Athletic Park was a sports ground used mostly for rugby matches in Wellington, New Zealand. It closed in 1999.

History

The ground was also the inaugural home of New Zealand's principal knockout football tournament, the Chatham Cup (first held in 1923).

It has now been demolished and replaced with a retirement village. It was famous for a very steep grandstand (the Millard Stand) which used to sway a little in the regular strong winds that Wellington is famous for. The stand was unsafe as Wellington is very susceptible to earthquakes.

Athletic Park was an open park overlooking Cook Strait and the Pacific Ocean and was exposed to strong winds – most famously the 1961 All Black Test against France which was played in hurricane-force winds.

Throughout the 1980s several proposals were made to modernise the grounds, but instead a decision was made to build a new stadium.  Several alternatives were proposed, including a new stadium in Porirua, revamping the Basin Reserve or Fraser Park in Hutt Valley, and the ultimately successful proposal to build a stadium on unused railway land near the Wellington railway station. In 1999, Athletic Park was closed and replaced by Wellington Regional Stadium, referred to colloquially as "The Cake Tin", which sits directly behind the Wellington railway station – this being popular with supporters coming from Porirua, and the Hutt Valley.

Sports
The Athletic Park hosted 42 Test matches involving the All Blacks from 1904 to 1999, including the 43–6 win over Australia in 1996.
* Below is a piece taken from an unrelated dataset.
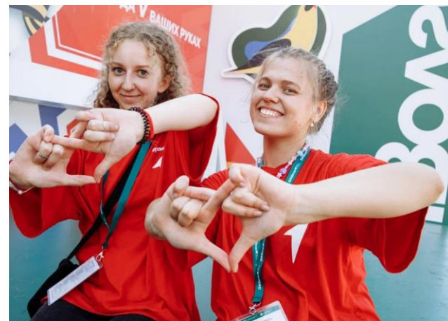
Молодежный форум iВолга, Самарская область

The last Test match was against France on 26 June 1999 with the All Blacks winning 54–7, while the last rugby match played at Athletic Park was on 10 October 1999, between Wellington and Otago NPC teams, with Wellington winning 36–16.

Rugby World Cup
Athletic Park hosted four matches of the 1987 Rugby World Cup.

Music and other events
Athletic Park also played host to other non-sports events, including a visit by Pope John Paul II in 1986 and various rock concerts.
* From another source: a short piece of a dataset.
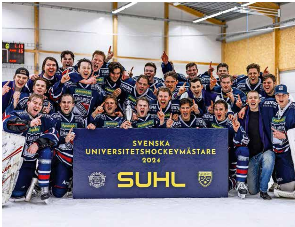
Chalmers Blue McRangers blev svenska universitetshockeymästare 2024

LTH Griparna - Chalmers Blue McRangers 2-3 (0-0, 2-1, 0-1, 0-0, 0-1) 212

Kiss performed a concert in 1980 as part of their Unmasked Tour. In 1983, David Bowie and Dire Straits performed at Athletic Park, with further performances by Dire Straits in 1986 and 1991. Elton John performed two concerts there, the first on 10 March 1982 as part of his Jump Up! Tour and the second was on 22 February 1984 as part of his Too Low for Zero Tour. Eurythmics performed on 28 January 1987 as part of their Revenge Tour.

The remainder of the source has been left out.